BeyondTrust has released its annual forecast of cybersecurity trends emerging for the New Year and beyond. These projections, authored by BeyondTrust experts Morey J. Haber, Chief Security Officer; Christopher Hills, Chief Security Strategist; and James Maude, Director of Research, are based on shifts in technology, threat actor habits, culture, and decades of combined experience.
Prediction #1: The Evolution of the AI Threat in three stages:
- Part I – AI Threat Actors Take the Stage: Human threat actors will increasingly incorporate AI capabilities, acting as a force multiplier, enhancing their reach and technical prowess. Weak AI, specializing in narrow tasks, will be a key enabler for threat actors, assisting in discovering vulnerabilities and evading detection.
- Part II – New AI Threat Vectors Emerge: AI will enhance existing attack vectors while creating novel ones based on Generative AI’s results. The implications are profound, encompassing the generation of fake content that will challenge the line between reality and deception.
- Part III – AI Code Assistants Introduce Further Vulnerability: The surge in AI assistants will paradoxically lead to more security vulnerabilities in software development, as AI-generated code may contain errors and misconfigurations.
Prediction #2: Dedicated Applications Start the Course Toward Extinction – Generative AI is set to make dedicated applications obsolete. The flexibility and power of AI could replace them with voice commands, facilitating the building of trust in a common interface. Complex user interfaces may become obsolete as the focus shifts to results-driven and function-specific applications.

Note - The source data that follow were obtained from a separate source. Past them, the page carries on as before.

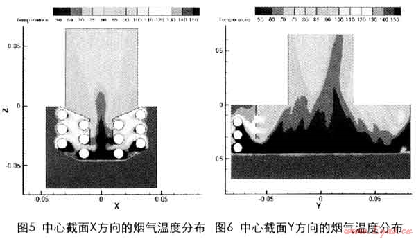 兩個垂直的中心截面沿X方向和Y方向的煙氣溫度分布如圖5和圖6。從圖中可以看出,由于煙氣流過下部換熱管的流速較小,所以換熱量較大,管后的溫度也較低。煙氣通過左右對稱的四排管子傳遞熱量,完成傳熱過程。排煙管出口的煙氣溫度比較均勻。計(jì)算得到排煙平均溫度為76.4℃,出水溫度為21.33℃,換熱管的傳熱計(jì)算總面積為0.088m2,總傳熱量為1213W,綜合傳熱系數(shù)較高:K=137W/m2.℃。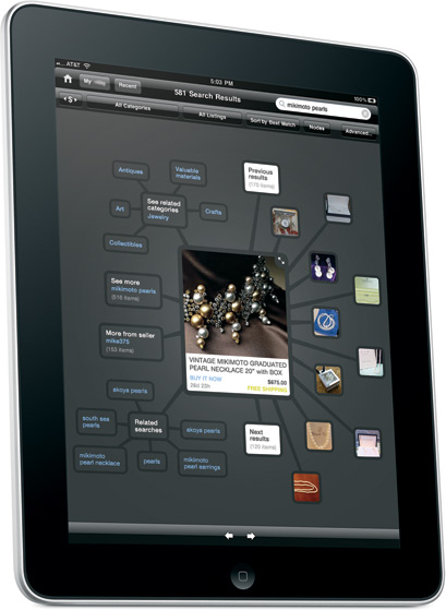 SpicyNodes is a great way to browse all kinds of things, including online marketplaces. The following is a prototype from our labs of how SpicyNodes could be used on an iPad to browse an online auction service.\n\n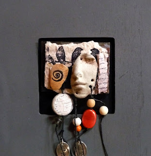 It’s been a while since I’ve done these little shard pin collages- I love working in this format. Here are ten new ones from the studio. They will go with me tomorrow to the Trinity Alumni Artisan Show. If you haven’t seen these before, they are clipped to the frame interior matboard with a strong bar magnet so they can be taken off and worn as a pin. There is also a clear straw “channel” on the back that a cord can go through so the construction can be worn as a pendant. They also look cool on a hat – or a lampshade 🙂 I’ll have more of these at my December 1st Open House/Open Studio event. Invitations will go out next week and everyone is invited!

Prediction #3: Down with VOIP and POTS, UCS is the Future – Unified Communication Services (UCS) will phase out POTS and dedicated VOIP. Vulnerabilities and hacks may compromise this once-secure communication medium.
Prediction #4: Subscription Overload, There’s a Subscription for That – Expect everyday items to transition to subscription-based models. While electronic payments replace cash, the trend of licensing products and services via subscriptions will grow. However, subscription gaps may pose data security risks.

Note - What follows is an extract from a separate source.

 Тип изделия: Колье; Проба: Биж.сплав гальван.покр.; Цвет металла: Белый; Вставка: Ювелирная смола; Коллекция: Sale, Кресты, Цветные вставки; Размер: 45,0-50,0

Prediction #5: Juice Jackers Exploit the Standardization of USB-C – The proliferation of USB-C connectors brings convenience but also poses security challenges. A single standard connection type simplifies the job for threat actors, increasing the risks of attacks.
Prediction #6: Exploit Mapping for Ransomware – Ransomware attacks will shift from data extortion to selling exploitable data about organizations. Threat actors will sell information related to vulnerabilities, exploits, identities, privileges, and hygiene, focusing on potential threats and attack vectors.
Prediction #7: The Standardization of Cyber Insurance – Cyber insurance is expected to become more standardized across providers, enhancing risk reduction and liability management for businesses. A framework-based approach will standardize cyber policies.
BeyondTrust also envisions longer-term cybersecurity trends over the next five years:
Prediction #8: The Age of Malware Comes to an End – Malware is on the decline, as identity compromise and native tools replace software exploits. The focus will shift to identifying compromised identities and detecting unusual behaviors.
Prediction #9: AI Supply Chains in the Crosshairs – Nation-states will exploit AI supply chains to introduce vulnerabilities. AI code assistants and their training data become targets, potentially compromising AI infrastructure and creating new attack vectors.
Prediction #10: The Comeback Special – Vintage Tech Returns – Vintage electronics will make a modern comeback, combining nostalgia with modern connectivity. These devices may open new vulnerabilities and attack vectors.
Prediction #11: Identity Trust Chains Evolve to Take on Modern Threats – Identity verification services will emerge as a response to identity-based threats, with third-party solutions providing high-confidence identity verification in the electronic world.
Prediction #12: Evolving AI Sets Moving Target for AI Governance – AI governance and compliance fields will evolve, focusing on responsible AI regulation, ethical standards, and privacy. Regulations will vary by region, creating a moving target for AI usage.
Prediction #13: The Remote Control Gets Lost…And No One Cares – Physical remote controls are being phased out as dedicated phone applications and voice commands become prevalent. While reducing e-waste, this transition may introduce new network security challenges.
“Looking ahead helps us anticipate where cyber threat actors will undoubtedly head, and preparing for what’s ahead makes all the difference in risk management effectiveness,” said Morey Haber, Chief Security Officer at BeyondTrust. “At BeyondTrust, we plan to provide the best security solutions to address current and future attack vectors, which our customers and partners expect.”